Available data.
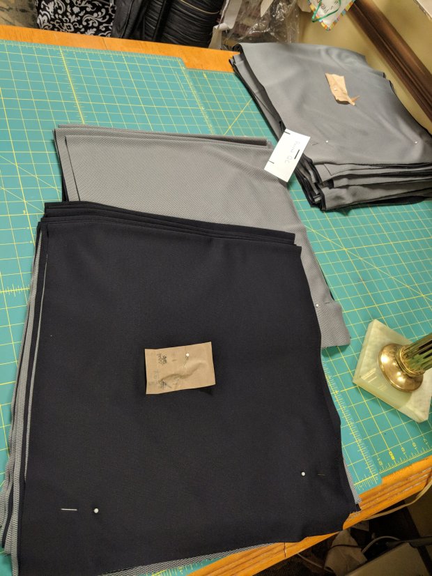 My oldest son and I folded and pinned the bags to prepare them to be serged.
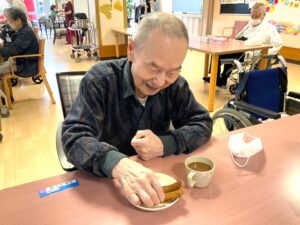 美味しい和菓子を召し上がってもらい、米寿、白寿の皆さんにご挨拶していただきました
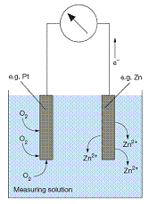 S-12/S-14溶解氧探頭采用開放式電極,其工作原理是電流法原理。兩種不同金屬材質的電極在沒有膜保護的情況下,直接浸沒到測量溶液中(見圖2)。探頭的陰極是由特殊材質的銀合金制成,陽極由鐵或鋅制成,取決于具體的應用場合。這兩個電極根據Toedt原理形成了電池,在電池中產生退極化電流,退極化電流是由下列化學反應產生的:
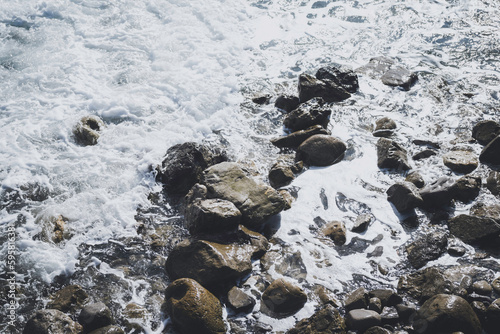 © Laura, Fototapeta premium Aerial view of the waves breaking against the rocks in a beach

Exercise prompt. With pictures omitted, reproduce exactly the lines from the line containing "美味しい和菓子を召し上がって" through the end of the data above.

Expected answer.
 美味しい和菓子を召し上がってもらい、米寿、白寿の皆さんにご挨拶していただきました
 S-12/S-14溶解氧探頭采用開放式電極,其工作原理是電流法原理。兩種不同金屬材質的電極在沒有膜保護的情況下,直接浸沒到測量溶液中(見圖2)。探頭的陰極是由特殊材質的銀合金制成,陽極由鐵或鋅制成,取決于具體的應用場合。這兩個電極根據Toedt原理形成了電池,在電池中產生退極化電流,退極化電流是由下列化學反應產生的:
 © Laura, Fototapeta premium Aerial view of the waves breaking against the rocks in a beach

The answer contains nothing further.